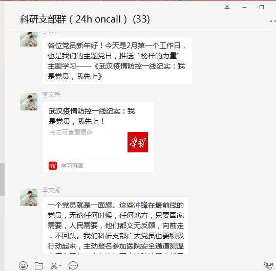 2月的第一个工作日,也是科研支部的主题党日,在人员分散的情况下,科研支部在微信群推送了“榜样的力量”主题学习——《武汉疫情防控一线纪实:我是党员,我先上!》通过主题学习,号召支部广大党员积极行动起来,投入到这场伟大的斗争中去。宣传和鼓舞的作用是立竿见影的:在医院安全通道测温志愿者行动中,科研支部17人先后报名参加,除了病假、产假、学生和在闵行上班的党员,全部上阵,还有许多非党员也报名参加志愿者活动。
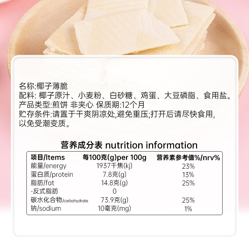 春光食品海南特产休闲零食国货椰子薄脆饼干椰香早餐 旗舰店
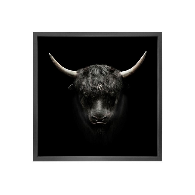 Canvas picture 5cm black frame black ox 120cm x 120cm
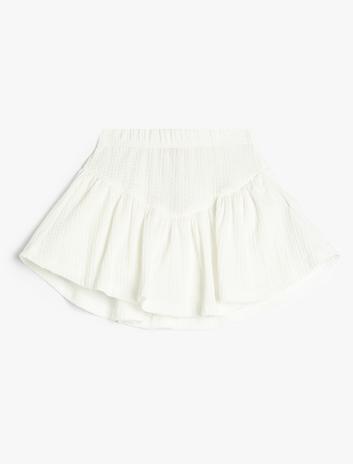 Kız Çocuk Şort Etek Beli Lastikli Dokulu Pileli
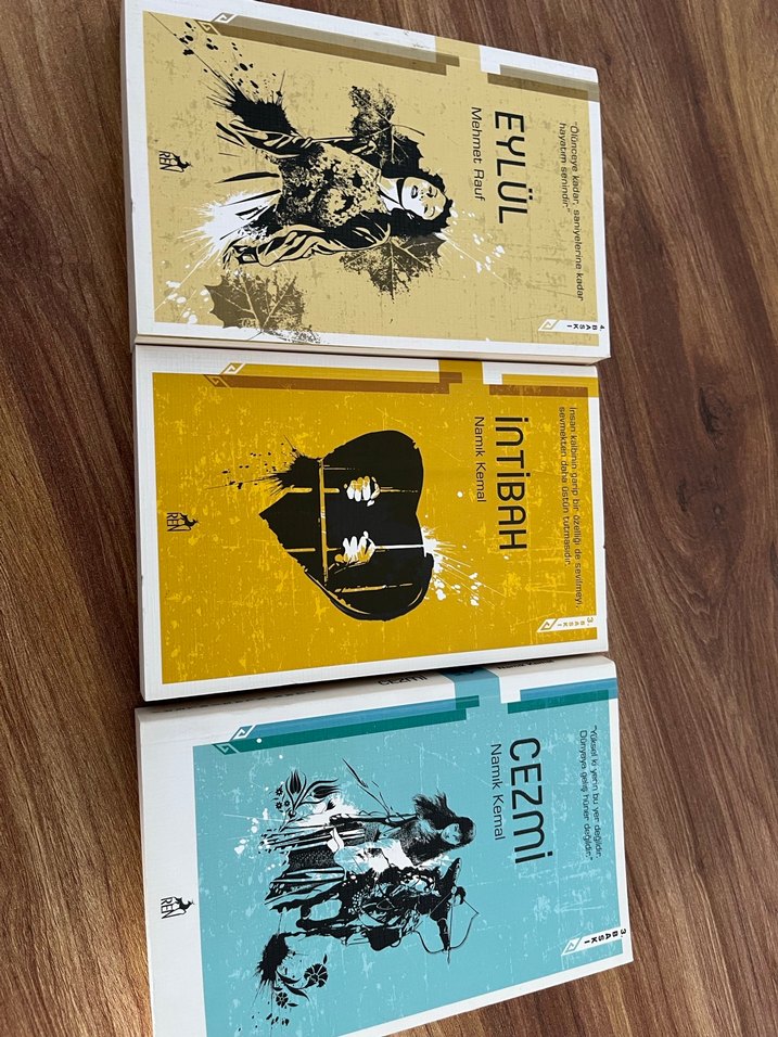 İnTiBAH, EYLÜL ve CEZmi adlı üç romanı içeren set, her biri farklı kapak tasarımı ve temalara sahip.
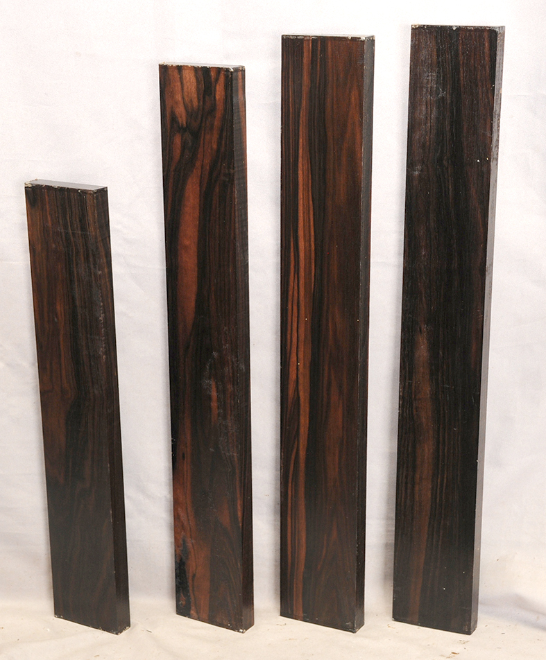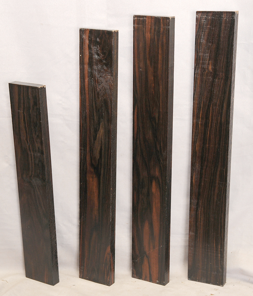 The heartwood is purplish to brownish-black with dark gray streaks giving an overall impression of being black. Lustrous with an attractive inner chatoyance. Very hard, heavy, close-grained, and virtually free from pores. Its stability and lovely tonal qualities make it an excellent instrument wood.
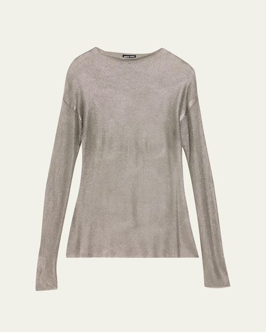 Women's Gray Laminated Mesh Long-Sleeve Top
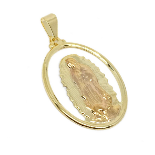 18k Gold Filled Hollowed Oval Lady of Guadalupe Pendant Featuring Rose Gold Detail For Wholesale Jewelry Making Supplies
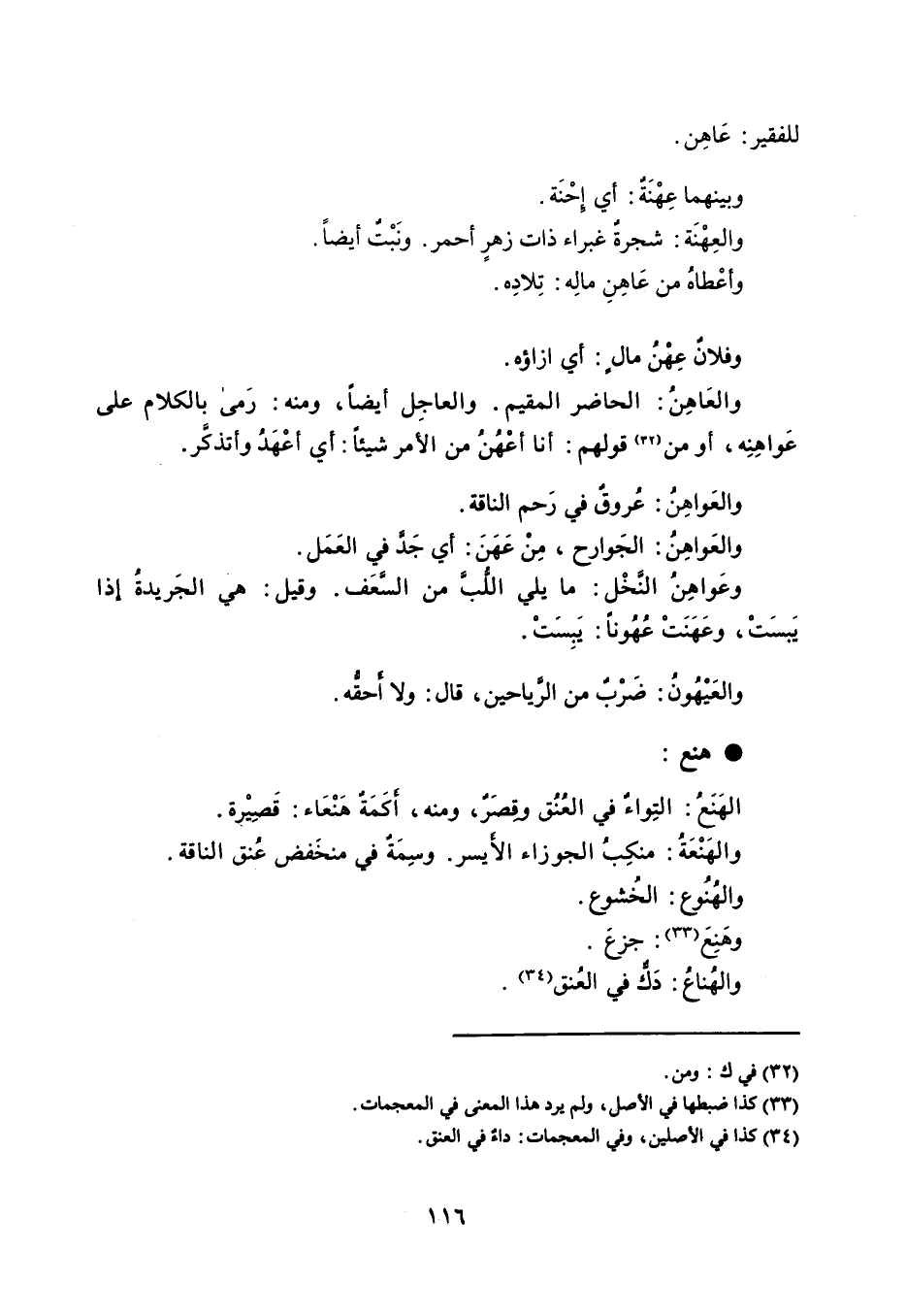 للفقير : عَاهِن . وبينهما عِهْنَةٌ : أي إِحْنَة . والعِهْنَة : شجرةٌ غبراء ذات زهرٍ أحمر . ونَبْت أيضاً . وأعْطاه من عَاهِنِ مالِه : تِلادِه . وفلانٌ عِهْن مالً : أي إزاءه . والعَاهِن : الحاضر المقيم . والعاجِل أيضاً ، ومنه : رَمى بالكلام على عَواهِنِه ، أو من قولهم : أنا أعْهن من الأمر شيئاً : أي أعْهَد وأتذكَر . والعَواهِن : عًروق في زحم الناقة . والعواهِنُ : الجَوارح ، مِنْ عَهَنَ : أي جد في العَمَل . وعَواهِن النخْل : ما يلي اللب من السعَف . وقيل : هي الجَريدةُ إذا يَبسَتْ ، وعَهَنَتْ عُهُوناً : يَبِسَتْ . والعَيْهُونُ : ضَرْبٌ من الرياحين ، قال : ولا أحقه . هنع الهَنع : التِواء في العُنُق وقصَرٌ ، ومنه ، أكَمَة هَنْعَاء : قَصِيْرة . والهَنْعَة : منكب الجوزاء الأيسر . وسِمَة في منخَفض عنق الناقة . والهُنُوع : الخُشوع . وهَنِعَ : جزعَ . والهُناعُ : دك في العُنق .
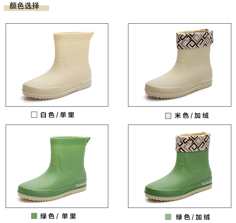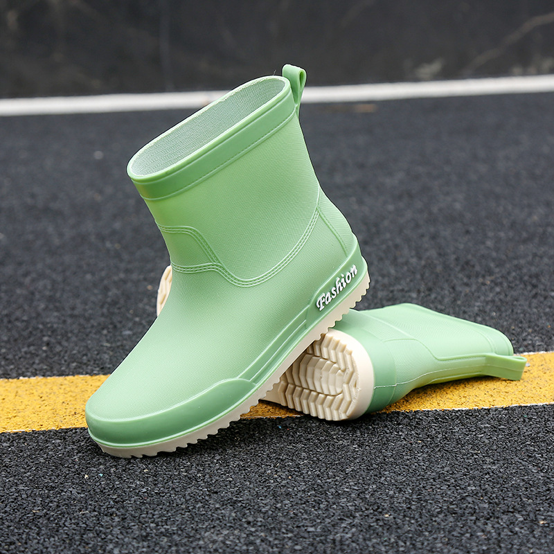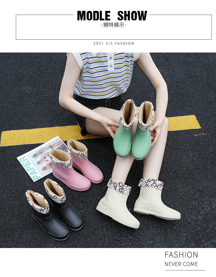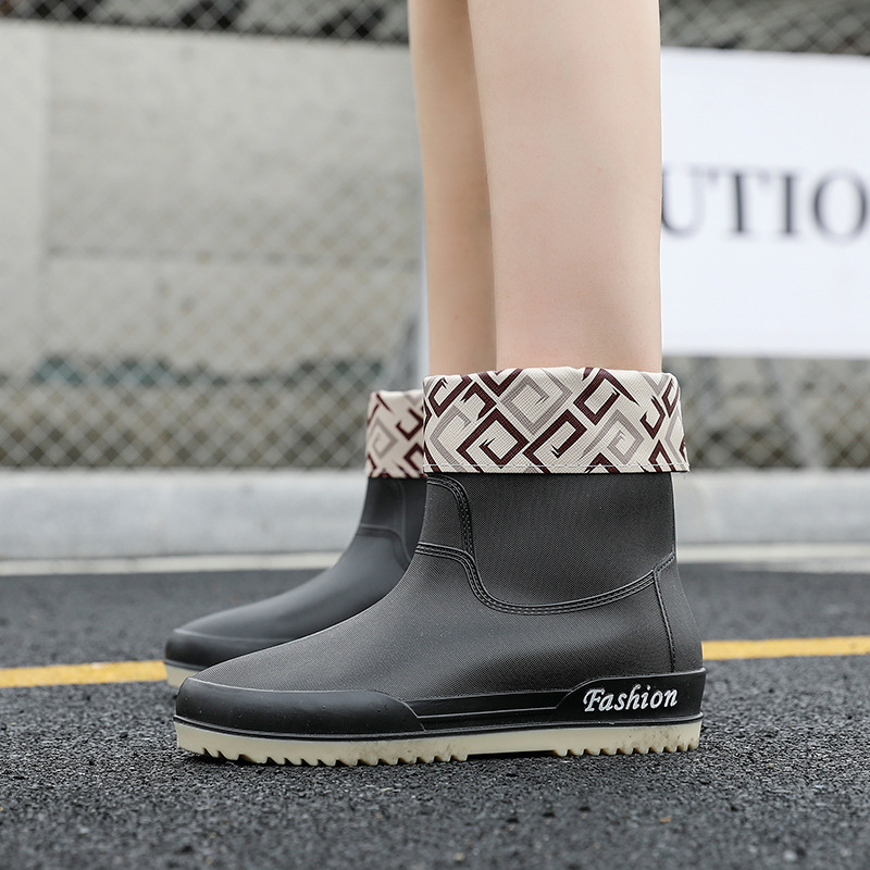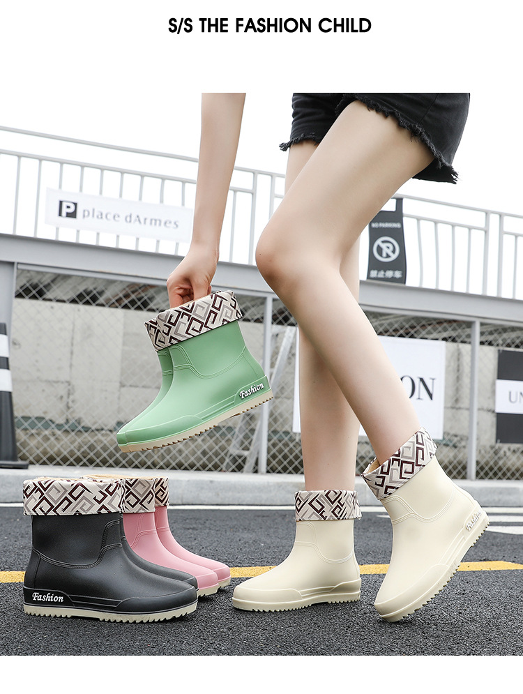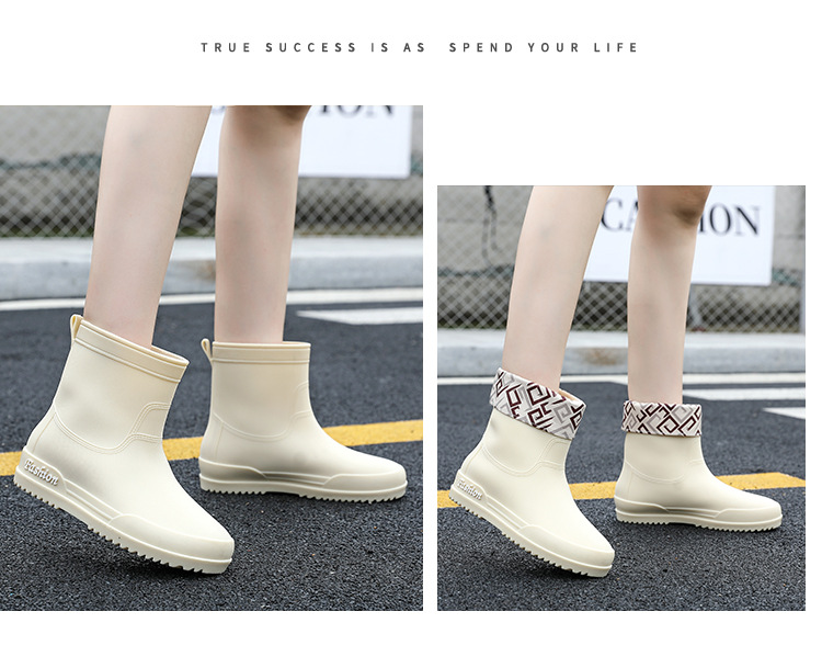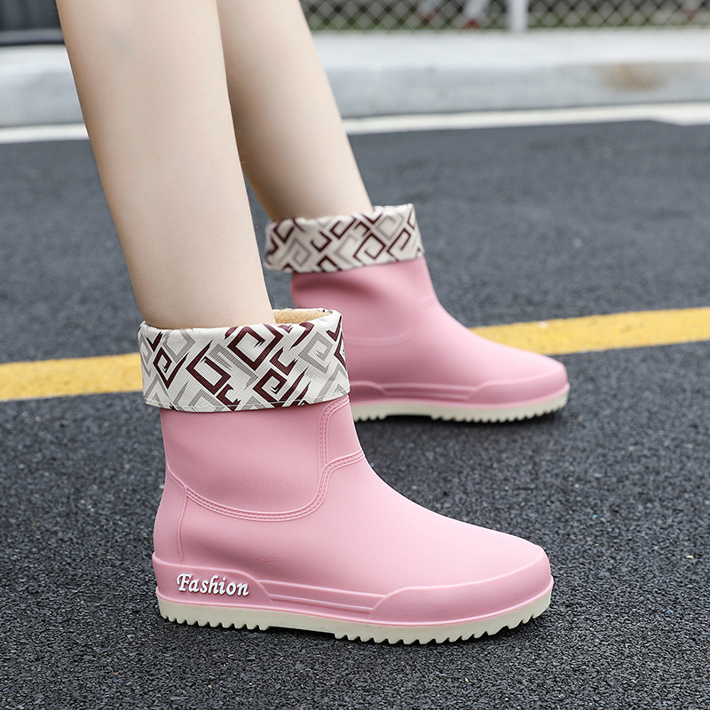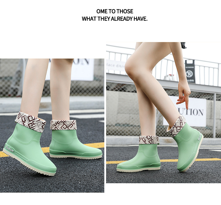 여성용 레인부츠, 중간 길이 여성용 성인 신발, 높은 길이 미끄럼 방지 신발, 작업용 고무신, 여성용 방수 낮은 굽 신발, 탈부착 가능한 솜 안감

****************************************

**EXERCISE GOAL:** Write out an exact copy of the lines beginning at the line that contains "İnTiBAH, EYLÜL ve" and ending at the last line of the listing. Exclude pictures.

**TASK SOLUTION:**
 İnTiBAH, EYLÜL ve CEZmi adlı üç romanı içeren set, her biri farklı kapak tasarımı ve temalara sahip.
 The heartwood is purplish to brownish-black with dark gray streaks giving an overall impression of being black. Lustrous with an attractive inner chatoyance. Very hard, heavy, close-grained, and virtually free from pores. Its stability and lovely tonal qualities make it an excellent instrument wood.
 Women's Gray Laminated Mesh Long-Sleeve Top
 18k Gold Filled Hollowed Oval Lady of Guadalupe Pendant Featuring Rose Gold Detail For Wholesale Jewelry Making Supplies
 للفقير : عَاهِن . وبينهما عِهْنَةٌ : أي إِحْنَة . والعِهْنَة : شجرةٌ غبراء ذات زهرٍ أحمر . ونَبْت أيضاً . وأعْطاه من عَاهِنِ مالِه : تِلادِه . وفلانٌ عِهْن مالً : أي إزاءه . والعَاهِن : الحاضر المقيم . والعاجِل أيضاً ، ومنه : رَمى بالكلام على عَواهِنِه ، أو من قولهم : أنا أعْهن من الأمر شيئاً : أي أعْهَد وأتذكَر . والعَواهِن : عًروق في زحم الناقة . والعواهِنُ : الجَوارح ، مِنْ عَهَنَ : أي جد في العَمَل . وعَواهِن النخْل : ما يلي اللب من السعَف . وقيل : هي الجَريدةُ إذا يَبسَتْ ، وعَهَنَتْ عُهُوناً : يَبِسَتْ . والعَيْهُونُ : ضَرْبٌ من الرياحين ، قال : ولا أحقه . هنع الهَنع : التِواء في العُنُق وقصَرٌ ، ومنه ، أكَمَة هَنْعَاء : قَصِيْرة . والهَنْعَة : منكب الجوزاء الأيسر . وسِمَة في منخَفض عنق الناقة . والهُنُوع : الخُشوع . وهَنِعَ : جزعَ . والهُناعُ : دك في العُنق .
 여성용 레인부츠, 중간 길이 여성용 성인 신발, 높은 길이 미끄럼 방지 신발, 작업용 고무신, 여성용 방수 낮은 굽 신발, 탈부착 가능한 솜 안감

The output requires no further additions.